Work task:
Exactly as written, please repeat the data that follows, but not the pictures.
┌─ Dataset extract
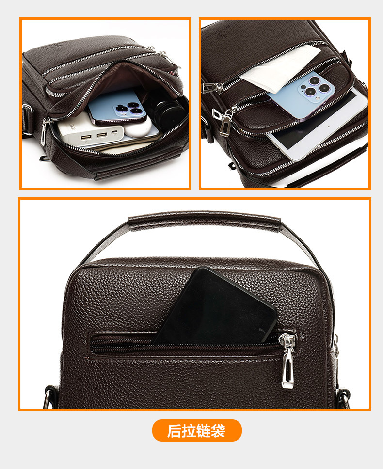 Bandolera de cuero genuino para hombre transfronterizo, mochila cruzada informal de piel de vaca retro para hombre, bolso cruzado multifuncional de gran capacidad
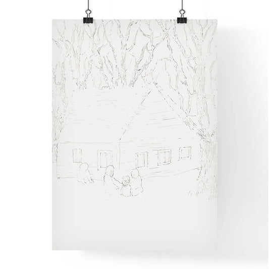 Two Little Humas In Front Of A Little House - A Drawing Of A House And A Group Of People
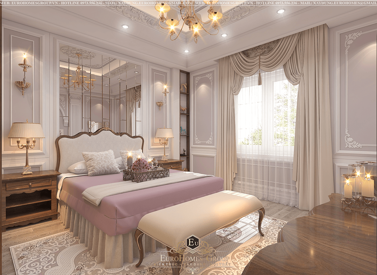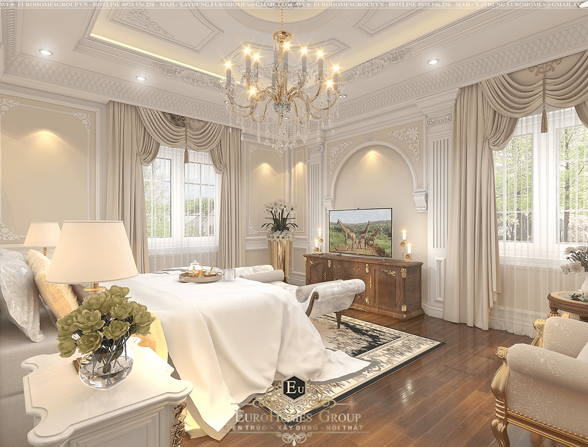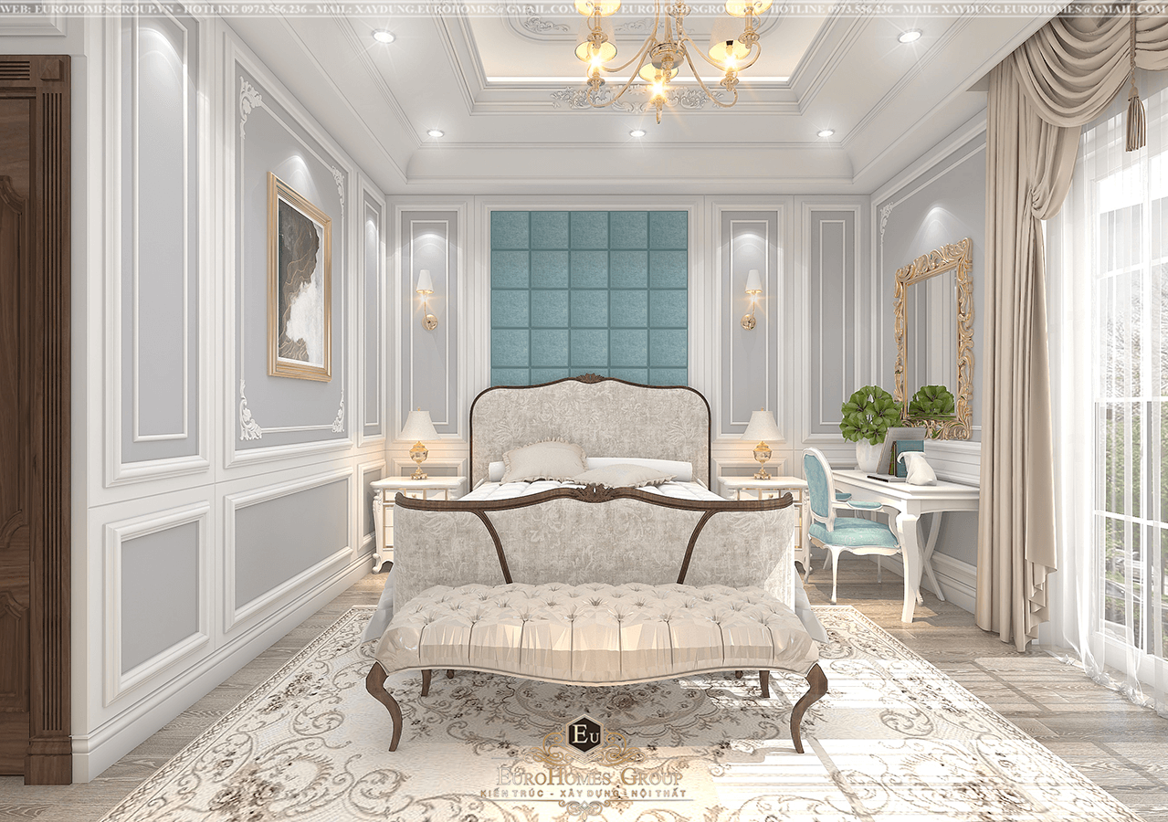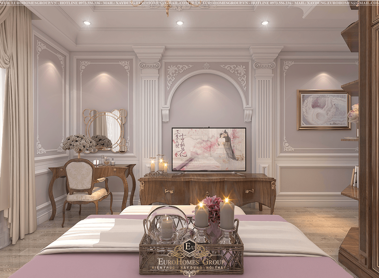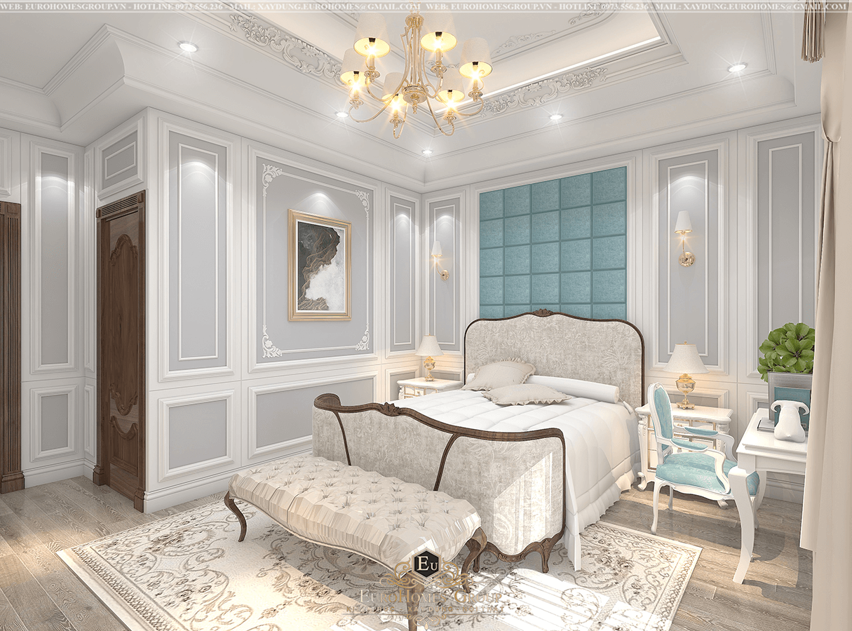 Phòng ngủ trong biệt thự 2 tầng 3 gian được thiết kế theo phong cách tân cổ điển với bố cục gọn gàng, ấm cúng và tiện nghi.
└─
Exercise result:
 Bandolera de cuero genuino para hombre transfronterizo, mochila cruzada informal de piel de vaca retro para hombre, bolso cruzado multifuncional de gran capacidad
 Two Little Humas In Front Of A Little House - A Drawing Of A House And A Group Of People
 Phòng ngủ trong biệt thự 2 tầng 3 gian được thiết kế theo phong cách tân cổ điển với bố cục gọn gàng, ấm cúng và tiện nghi.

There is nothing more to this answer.